CL: On this one it's been difficult, but there are so many improvements with color printing now-what you can do digitally to a shot-that it's much easier to make corrections. They even have software that can put things in focus. A lot of the challenge on this project has been the schedule, because as Tim [Burton] was shooting, I was cutting it and showing him tapes of what I'd done. He could modify the movie as we went along in order to meet the release schedule. So far it's worked very well.
MM: Is that typically how you work together?
CL: Mostly I'm there on set, in a trailer or wherever I have my cutting room set up, and he can come in between set-ups. But on this film, with all the varied locations and the schedule, I couldn't always be there with him. But I would bring him tapes or send them to him. He'd mull them over and make a few comments-that's how we worked.
MM: Did the story of Planet of the Apes change much from when you saw the first script?
CL: Tim took things out as he was shooting-rather than take it out in the cutting room-just based on his instincts, his feeling for the material as he was shooting. That helped a lot; otherwise we would have had to take a lot of it out later [in the cutting room].
MM: For you, is there such a thing as too much coverage?
CL: Coverage is great: it makes for a long first cut and it complicates the editing process, but in the end the movies are better.

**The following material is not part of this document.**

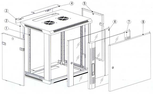1. Mounting rail 2. Frame 3. Mounting panel 4. Cable entrance cover 5. Side door 6. Toughed glass door 7. Toughed glass door with vented borders 8. Steel doors |

Of course it all depends on the director: Michael Bay gets unbelievable coverage, and all of us are only as good as the material we get. [Bay] shoots so much great stuff that it's hard in a way to figure out what you want to take out. It's hard for him, as well. Yet Tim Burton, for example, has a very clear idea of what the result is, so those movies come together a little easier, but there are fewer possibilities for making changes to the story.
MM: Does cutting something like Ed Wood require a different approach from you than a film like Con Air?

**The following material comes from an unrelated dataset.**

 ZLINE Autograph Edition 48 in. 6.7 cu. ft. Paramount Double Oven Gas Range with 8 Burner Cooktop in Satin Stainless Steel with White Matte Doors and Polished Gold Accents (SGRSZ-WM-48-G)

CL: No, because I'm always just responding to the material. It's great for me. For example, Pearl Harbor was fabulous because I could work with some incredible battle footage one day then the next day do some romantic love scene. Normally, you don't get that in one movie. [You might not] even get it in consecutive years.

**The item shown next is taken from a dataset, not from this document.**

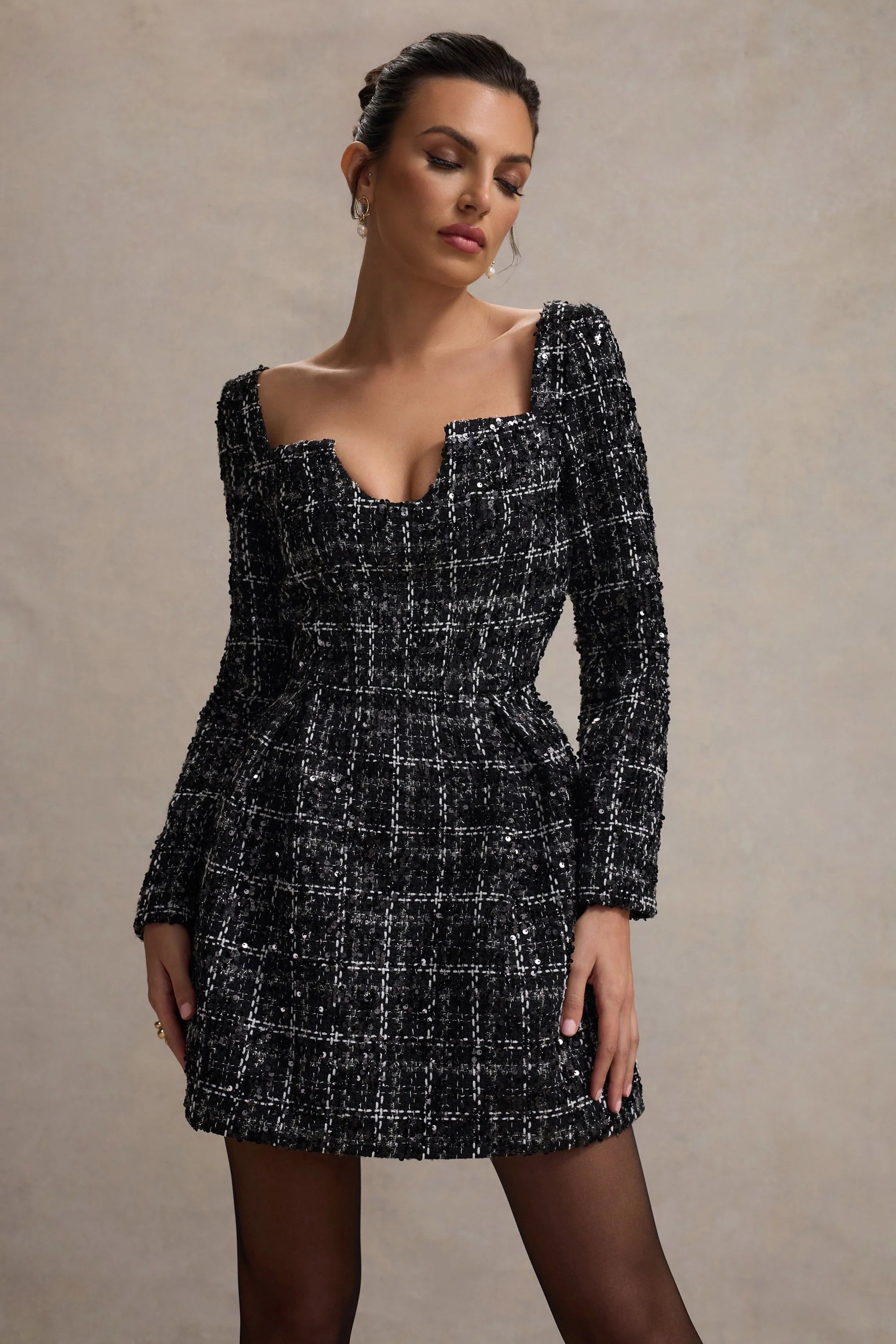 Captivate with class in Contessa, our tailored mini dress. Designed in a premium sequinned boucle, this LBD boasts long sleeves and a contemporary neckline. Perfect for taking you from day to night, elevate yours with some court shoes like Clearly for a timeless date night ensemble.

MM: Do you ever go on the set?
CL: I do, but not very often. For one thing, it takes away from time dedicated to my job. It's fun to see something shot and then to see how it's translated onto film, but people ask me questions when I'm on the set that I don't really want to have to answer, like: 'What does this look like?' or 'How did such and such a shot turn out?'
MM: So it doesn't help your job to see how something was shot?
CL: No, I leave that to the directors. They use their memory and say, 'I remember a better take.' They make that translation. It's better for me to just hammer away at it in on the Avid.
MM: How do you keep track of the big picture when you're cutting?
CL: Well, that's the trick-it's hard. That comes in later, when it's all together, or sometimes halfway through when you start to see that maybe this character is about this, or you start to ask: 'Why is this one doing this?'
MM: Are you ever surprised by the results of your work?
CL: I never know how this stuff is going to be received. All I do is try to make things clear for the audience, because that's the way I am in life: I like things presented in a simple, direct way. And I think that's how audiences feel when they're sitting in their seats: they don't know where the film is taking them and they don't have to be told everything every step of the way, but they do need some guidance. We do that in [the editing room]-we help them along.